In this record are two cases—one against the Commonwealth of Virginia and one against the City of Richmond. In each relevant facts are the same, as is the law applicable thereto. By consent they were heard together, and the issues there made have been decided in one final order.

Leonard Meyer and his three brothers make up a partnership and are meat packers whose place of business is in Richmond. They have been engaged since 1926 in that business, inherited from their father. They employ about twenty-nine workmen and have now invested $177,748.53. Seemingly they are prosperous. Their methods now in use were adopted in 1935 or 1936.

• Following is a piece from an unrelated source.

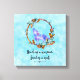 Impression de toile avec une illustration graphique composée d'une silhouette de loup d'aquarelle violette, en train de baiser sur la lune. À l'intérieur d'un dessin d'une couronne de bois, cristaux, plumes et perles. style boho cool. Citation typique : Coeur d'une âme guerrière d'un loup avec une ligne de séparation mignonne en bas avec un coeur boho au centre.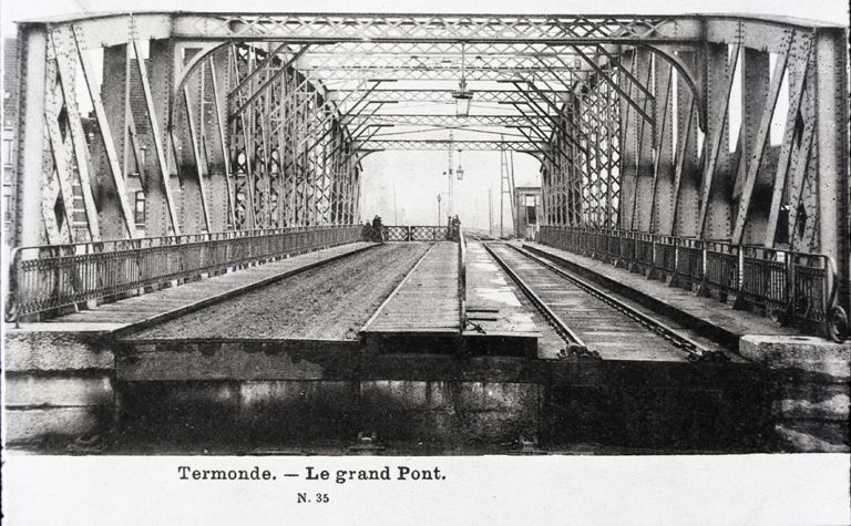 BeschrijvingReproductie van een postkaart met als opschrift 'Termonde - Le grand Pont. N. 35'. De postkaart toont het wegdek en de sporen die over een metalen brug lopen.

They purchase hogs and cattle on the hoof—sometimes from brokers at the stockyards and sometimes direct from farmers. These purchases they take to the Union Abattoir, where they are slaughtered, and when their bodies are suffi*468ciently cooled, they haul them in their trucks to their packing house, which is equipped with appliances, suitable for shaping them into final form, some complicated and necessitating skill in their operation.

When these carcasses reach the packing house they are hung on hooks attached to trolleys running on overhead rails and are rolled into a refrigerating plant. After two or three days, and when they have been properly cooled, they are rolled out and laid on a cutting table and from the carcasses of hogs’ hams, shoulders and middlings are carved out by experienced men with electric saws. What is left is made into sausages of different sorts, lard, etc., and that which cannot be so converted is sold as fresh meat. Hams and shoulders are then rolled into a curing room, where men, also experienced, with tweezers pick up arteries and push into them fine hollow needles attached to an electric pump. In this manner, and under pressure of 75 or 80 pounds, a brine made up of salt, sugar and prague powder is injected into them. The meat itself swells up and a fine spray comes out of its pores. This process is called “tenderizing” and, it is contended, breaks up the tissues. When it is completed, the meat is wrapped in salt and stacked on slats for the brine to drain off. It is then thoroughly washed, after which it is again put on trolleys and rolled into smoking rooms (three in number). They are fitted with gas burners, steam coils, thermostats, etc. This meat is smoked overnight by throwing hickory saw-dust on gas burners. Live steam is then forced into the smoke chambers, where the temperature is kept at 165 degrees and until the inside temperature of the meat is 142 degrees. These hams and shoulders are then rolled out and allowed to cool, after which they are again put into a refrigerator. When this cooling process is completed, they are taken out and wrapped for shipping with the weight marked on each package. Brine is not injected into the sides or middlings, but when they are cured they are sliced into breakfast bacon and packed in half-pound packages. From ten to twelve days are required to complete the process.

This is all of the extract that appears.